Come funziona la “marcatura naturale” di frutta e verdura?

Cresce sempre di più la consapevolezza di consumatori e consumatrici rispetto ai rifiuti da imballaggi inutili. Tuttavia uno studio condotto a giugno 2019 dall’Associazione austriaca per l’informazione dei consumatori (Verein für Konsumenteninformation) mostra che, nei supermercati, oltre il 60% di mele, carote, cetrioli, peperoni e pomodori vengono commercializzati in imballi di plastica; la percentuale supera addirittura il 70% se consideriamo i discount. La cosiddetta “marcatura naturale” (in inglese Natural Branding) può contribuire a ridurre i rifiuti da imballaggio.

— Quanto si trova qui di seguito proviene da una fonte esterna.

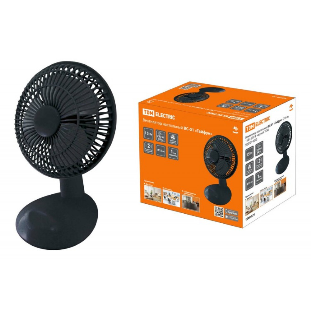 Вентилятор настольный ВС-01 "Тайфун" D15 см, 15 Вт, 230 В, черный, SQ2701-0003, Система вентиляционная
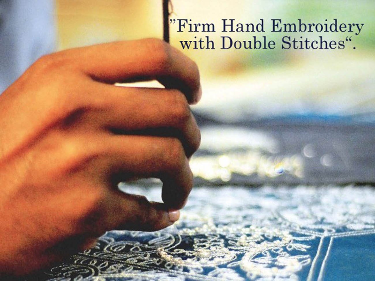 Hand Embroidery is the Symbol of Wealth and Status of the royal families of the previous era and for new era who have Elegance and classy in their taste. It is an expression of self, rendered with patience and dedicated hard work done by the very skilled craftsmen of the country, moreover it is an art rightly described as “painting by needle”. Hand Embroidery adds grace, richness, Elan and elegance, life and style to the Fabric. Its not just an expression, it is the means and art of decoration.

Grazie all’utilizzo della tecnologia laser è infatti possibile marcare in modo duraturo la buccia di frutta e verdura, come ad esempio apporre un logo. Il raggio laser modifica solamente i pigmenti cromatici dello strato più esterno. Poiché la buccia non viene intaccata, la durata di conservazione della frutta rimane invariata. La buccia marcata è anche commestibile.

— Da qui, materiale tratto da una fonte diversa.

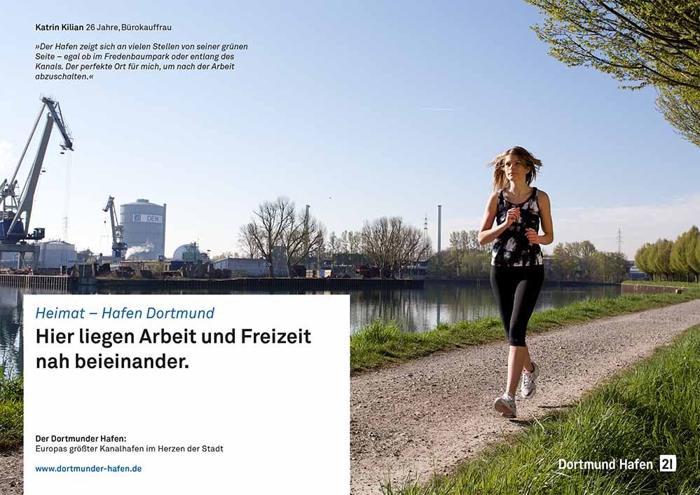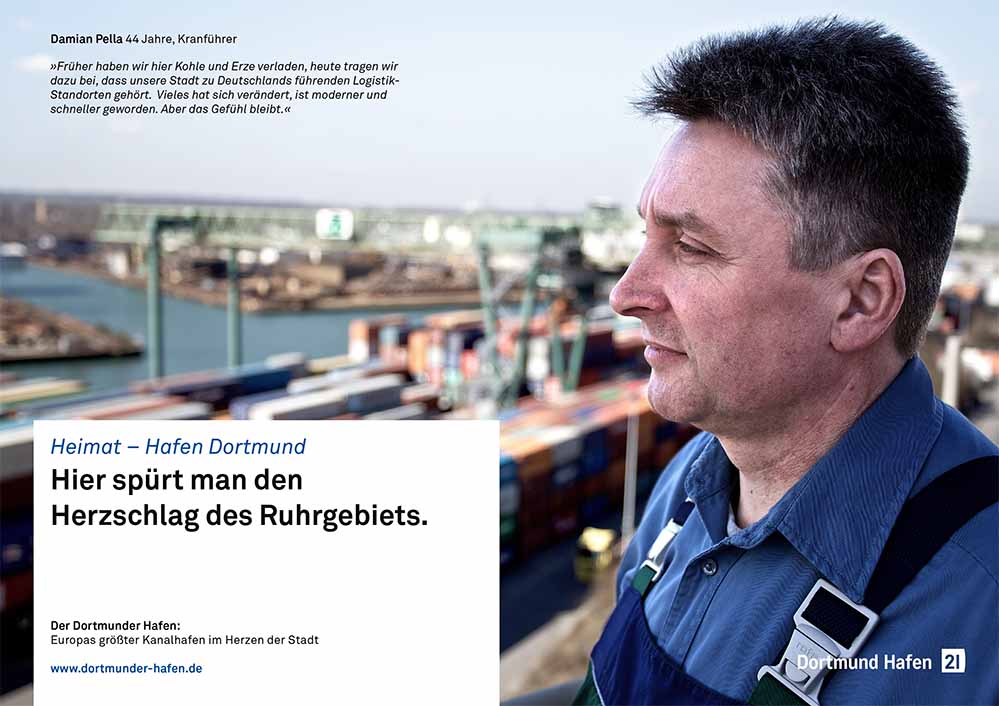 Im Rahmen der Jahres-PK im Alten Hafenamt stellte Uwe Büscher auch die neue Kommunikationslinie „Heimat – Hafen Dortmund“ vor. Sie soll die enge Verbundenheit des Hafens mit Dortmund und den Menschen, die in Dortmund leben, dokumentieren.

“Ad oggi è proprio la merce biologica ad essere spesso immessa sul mercato confezionata, per escludere che venga confusa con la merce tradizionale“, si rammarica Silke Raffeiner, nutrizionista del Centro Tutela Consumatori Utenti. “Grazie al Natural Branding, si potrebbero proporre più prodotti sciolti, e quindi non confezionati, di quanto si faccia ora. A differenza di un adesivo, la marcatura laser presenta anche il vantaggio che non può essere rimossa“.

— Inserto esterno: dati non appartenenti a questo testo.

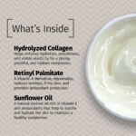 Water, Stearic Acid, Cetearyl Alcohol, Helianthus Annuus (Sunflower) Seed Oil, Isopropyl Lanolate, Hydrolyzed Collagen, Persea Gratissima (Avocado) Oil, Prunus Amygdalus Dulcis (Sweet Almond) Oil, Glyceryl Stearate, Vitamin E, Jojoba Esters, Oleyl Alcohol, Helianthus Annuus (Sunflower) Seed Wax, Dioscorea Villosa (Wild Yam) Root Extract, Sodium Stearoyl Glutamate, Glycine Soja (Soybean) Sterols, Retinyl Palmitate (Vitamin A), Cholecalciferol (Vitamin D3), Polyglycerin 3, Phenoxyethanol, Ethylhexylglycerin.

La marcatura naturale funziona al meglio con la frutta a buccia dura come i meloni. Già dal 2013 la procedura laser è ammessa dall‘UE. Nel frattempo questa tecnologia è stata ulteriormente sviluppata e ora anche zucchine, cetrioli, pesche e kiwi possono essere marcati. Per tipi di frutta più morbidi, tuttavia, questo procedimento non è adatto.